Here the <holding_id>, <label> or <key:value> is specified to guarantee that the files in the filelist are retrieved from the holding from which the filelist was generated. If one of these parameters was not given then the newest file that matches each filepath in the filelist would be retrieved. This is because NLDS will retrieve the newest version of a file, unless the holding is identified. Remember that filepaths have to be unique within a holding, but a filepath can be present in multiple holdings.

Restarting transactions with FAILED files

Every so often, there will be a problem with NLDS, or the user will not have given a file read permission, or something else will go wrong, and a request to put files will not COMPLETE fully. Instead it will have the status of COMPLETE_WITH_ERRORS and an indication as to how much, in percentage, the transaction finished. NLDS will try to do as much as it can, and then report on the files it could not ingest.

Users can use the list of Failed Files to generate a filelist that can then be resubmitted to the same holding that the original list was put to.

For example:

> nlds putlist filelist.txt -l TestHolding

This will put a list of files to NLDS, in a holding called TestHolding. By using stat to query the status of this transaction, we can see that it has the status COMPLETE_WITH_ERRORS

> nlds stat -b TestHolding
State of transaction for user:nrmassey, group:cedaproc, id:34
    id              : 34
    user            : nrmassey
    group           : cedaproc
    action          : put
    transaction id  : 74f8d8fe-48e2-448d-ba8e-d1d156bd461e
    label           : TestHolding
    creation time   : 2025-01-08 12:13:39
    state           : COMPLETE_WITH_ERRORS
    last update     : 2025-01-08 15:58:06
    complete        :  50%

By using the -E, a list of errors can be shown:

> nlds stat -i 34 -E
State of transaction for user:nrmassey, group:cedaproc, id:34
    id              : 34
    user            : nrmassey
    group           : cedaproc
    action          : putlist
    transaction id  : ce2baf0a-2436-4e59-ac22-449000dee399
    label           : TestHolding
    creation time   : 2025-05-07 15:29:16
    state           : COMPLETE_WITH_ERRORS
    last update     : 2025-05-07 15:29:35
    complete        :  50%
    errors in sub records ->
    +   id           : 927
        failed files ->
        +   filepath : /Users/nrmassey/animals/minx.txt
            reason   : Path:/Users/nrmassey/animals/minx.txt is inaccessible.
        +   filepath : /Users/nrmassey/animals/pony.txt
            reason   : Path:/Users/nrmassey/animals/pony.txt is inaccessible.
        +   filepath : /Users/nrmassey/animals/unicorn.txt
            reason   : Path:/Users/nrmassey/animals/unicorn.txt is inaccessible.
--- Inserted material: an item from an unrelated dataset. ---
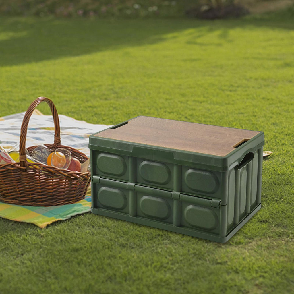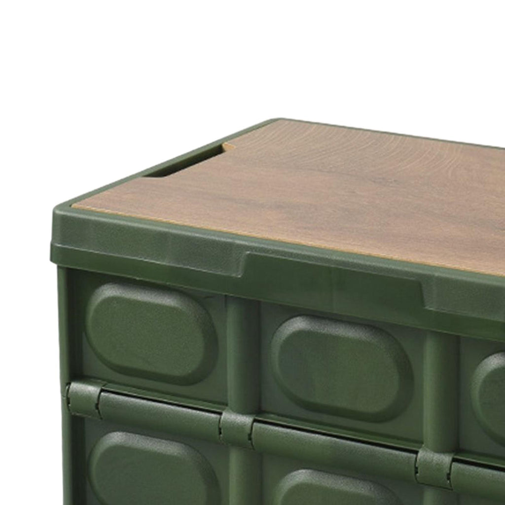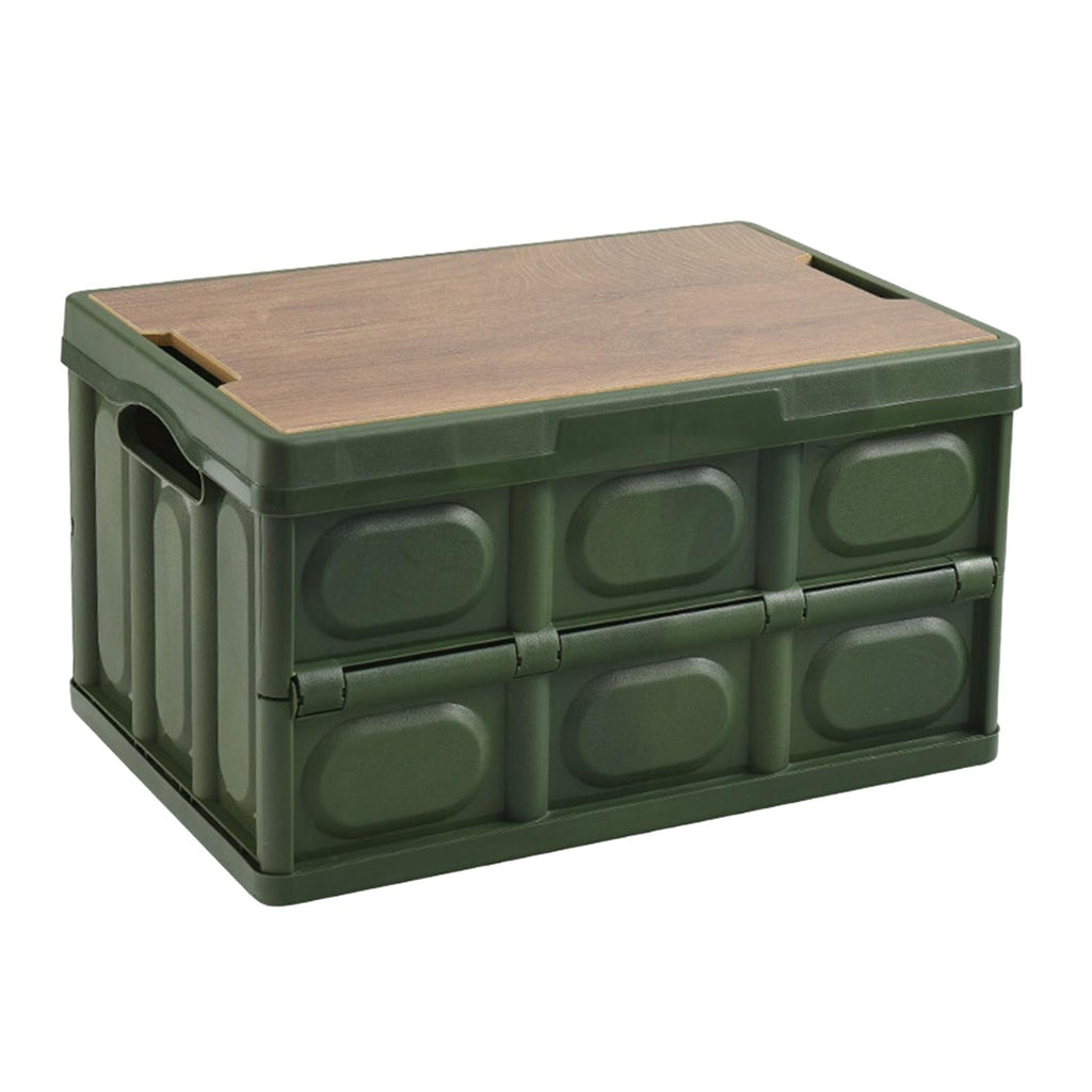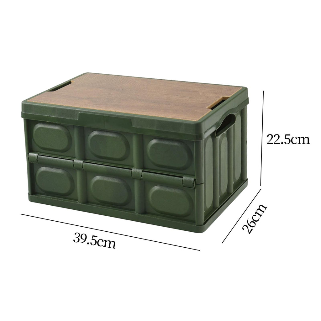 Maxbell Collapsible Storage Bin Container with Wooden Lid for Indoor Fishing Outdoor Dark Green 30L

Then by using the -F command with stat a list of the failed files can be output.

> nlds stat -i 34 -F
/Users/nrmassey/animals/minx.txt
/Users/nrmassey/animals/pony.txt
/Users/nrmassey/animals/unicorn.txt

This can now be piped to a file and then resubmitted using putlist to the holding with the label TestHolding:

> nlds stat -i 34 -F > resub_list.txt
> nlds putlist -l TestHolding resub_list.txt
putlist transaction accepted for processing.
    user            : nrmassey
    group           : cedaproc
    action          : putlist
    job label       : TestHolding
    transaction id  : 14ef54b6-fba0-46f4-b6b2-9fdfb28194b9
    label           : TestHolding

Use the limit option

NLDS find, list and stat can produce a long output, which can take a while for the server to process. Using the limit and ascending and descending options can help to prune the output, and speed up the processing on the server. The limit option has an effect at the database query level, which explains the speed-up when used with find, list and stat.

For example to return the 10 most recent transactions:

> nlds stat -L 10 -9

To return the 20 oldest holdings:

> nlds list -L 20 -0

To return the details of the 12 newest files that match a regular expression:

> nlds find -L 12 -x -p "/Users/nrmassey/animals/.*"

The default is to list queries in descending order - i.e. newest first. There is a default limit of 1000. If a user wishes to return more than 1000 files, holdings or transactions, then they must specify -L <limit>.